_RECORDS PROVIDED_.
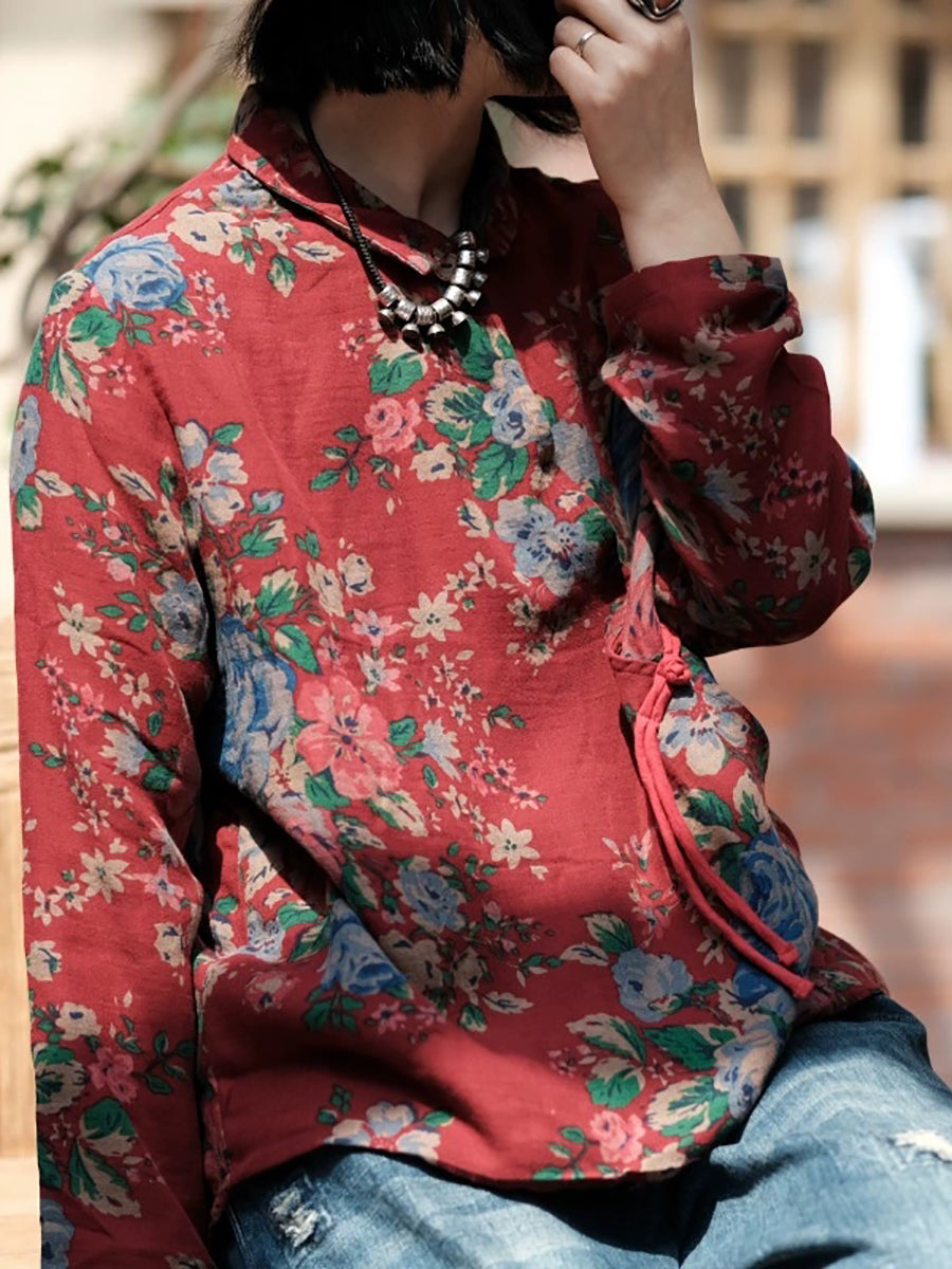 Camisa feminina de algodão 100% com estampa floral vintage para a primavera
--
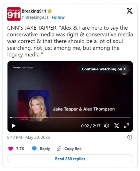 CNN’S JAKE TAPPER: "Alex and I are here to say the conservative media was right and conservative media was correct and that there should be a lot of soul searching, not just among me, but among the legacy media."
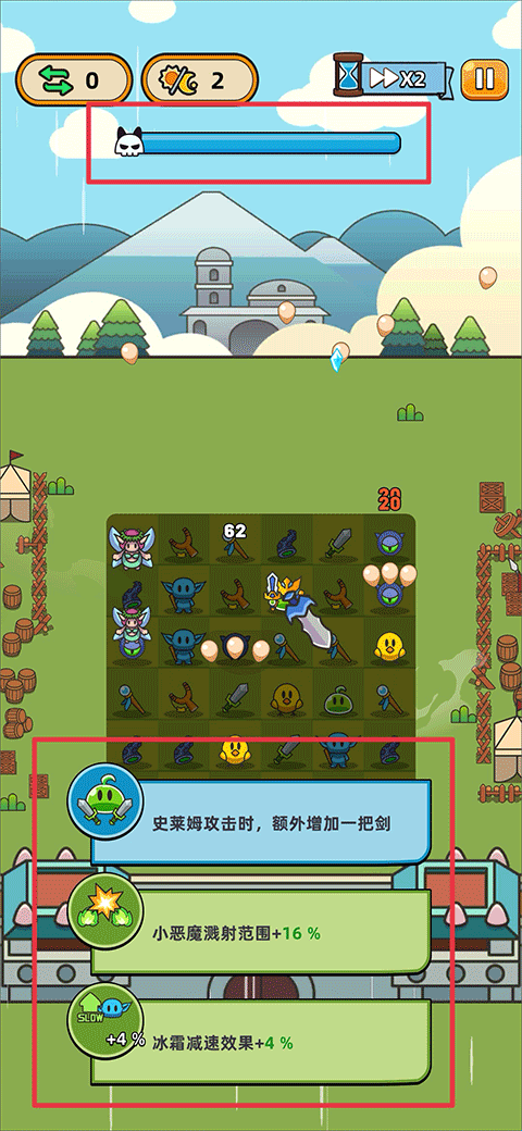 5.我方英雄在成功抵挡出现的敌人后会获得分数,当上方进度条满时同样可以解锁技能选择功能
---
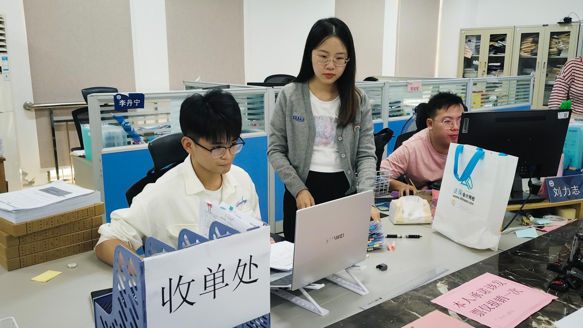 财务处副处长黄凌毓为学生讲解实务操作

_WHAT THE TASK ASKS_.
In the entries above, find the line with "are here to" and the line with "5.我方英雄在成功抵挡出现的". Write out exactly those two lines and every line between them, pictures excluded.

_REPLY_.
 CNN’S JAKE TAPPER: "Alex and I are here to say the conservative media was right and conservative media was correct and that there should be a lot of soul searching, not just among me, but among the legacy media."
 5.我方英雄在成功抵挡出现的敌人后会获得分数,当上方进度条满时同样可以解锁技能选择功能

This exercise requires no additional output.